--- HOW TO COMPLETE THIS TASK ---
Would you please repeat, word for word, only the lines from the one holding "(株)ヤオコー(埼玉県川越市" through the one holding "Семена цветов Цинния" in the material below, without the pictures?

--- SUPPLIED INFORMATION ---
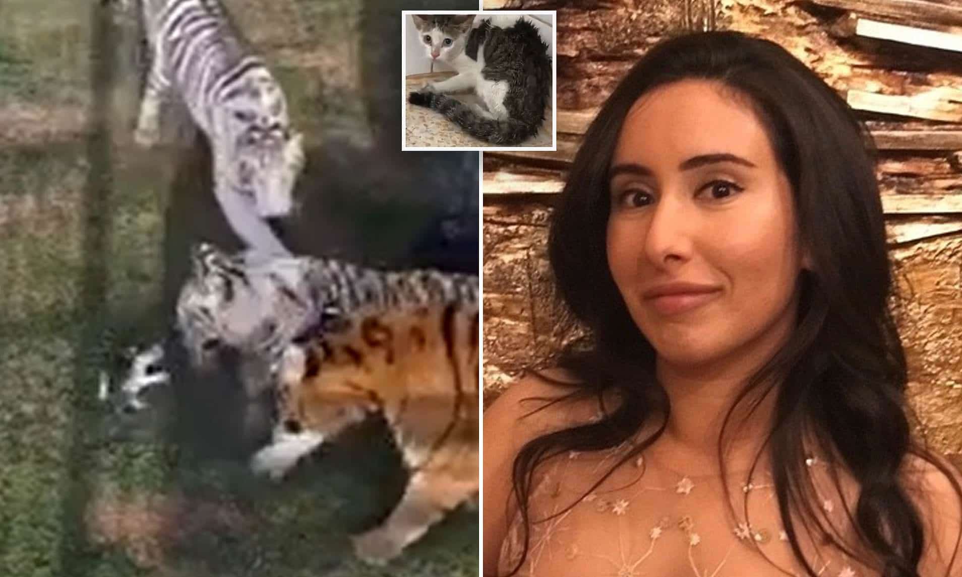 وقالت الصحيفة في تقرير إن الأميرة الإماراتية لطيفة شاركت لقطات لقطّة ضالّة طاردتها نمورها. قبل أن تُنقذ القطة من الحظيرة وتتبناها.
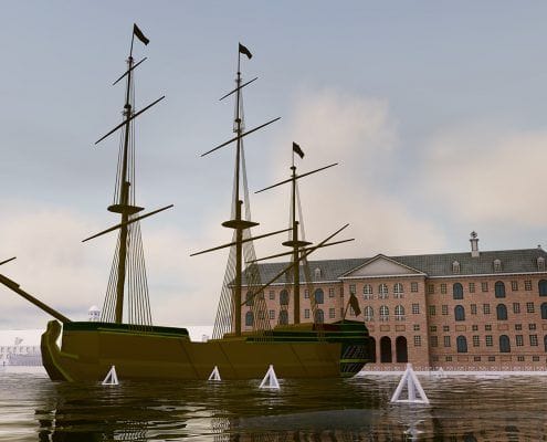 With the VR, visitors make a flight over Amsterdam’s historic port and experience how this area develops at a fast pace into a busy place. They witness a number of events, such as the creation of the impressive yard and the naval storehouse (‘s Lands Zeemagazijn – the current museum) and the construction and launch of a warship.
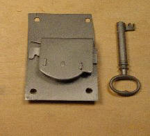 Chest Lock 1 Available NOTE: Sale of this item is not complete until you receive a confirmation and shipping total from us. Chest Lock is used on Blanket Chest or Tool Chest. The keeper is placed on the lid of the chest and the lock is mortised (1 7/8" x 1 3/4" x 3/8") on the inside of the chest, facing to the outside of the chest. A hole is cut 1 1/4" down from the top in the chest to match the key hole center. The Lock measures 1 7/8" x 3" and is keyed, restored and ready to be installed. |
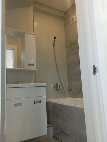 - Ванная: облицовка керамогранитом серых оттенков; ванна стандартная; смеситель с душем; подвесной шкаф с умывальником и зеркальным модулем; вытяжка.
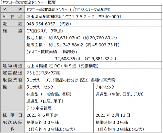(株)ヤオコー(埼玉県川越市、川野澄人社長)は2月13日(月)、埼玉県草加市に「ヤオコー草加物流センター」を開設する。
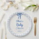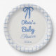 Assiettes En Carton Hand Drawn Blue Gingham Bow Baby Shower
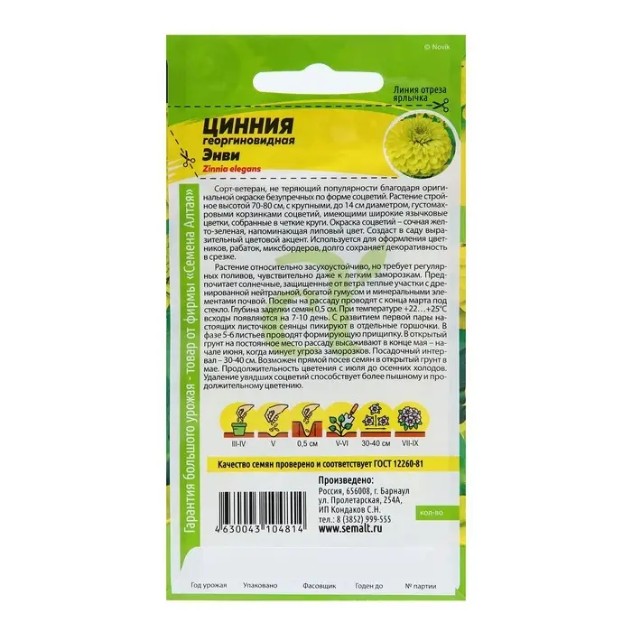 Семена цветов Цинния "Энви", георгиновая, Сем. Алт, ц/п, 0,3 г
...
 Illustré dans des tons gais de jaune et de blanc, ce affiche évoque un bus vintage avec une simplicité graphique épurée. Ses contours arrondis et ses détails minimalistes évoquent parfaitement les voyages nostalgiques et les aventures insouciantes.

--- SOLVED PROBLEM ---
(株)ヤオコー(埼玉県川越市、川野澄人社長)は2月13日(月)、埼玉県草加市に「ヤオコー草加物流センター」を開設する。
 Assiettes En Carton Hand Drawn Blue Gingham Bow Baby Shower
 Семена цветов Цинния "Энви", георгиновая, Сем. Алт, ц/п, 0,3 г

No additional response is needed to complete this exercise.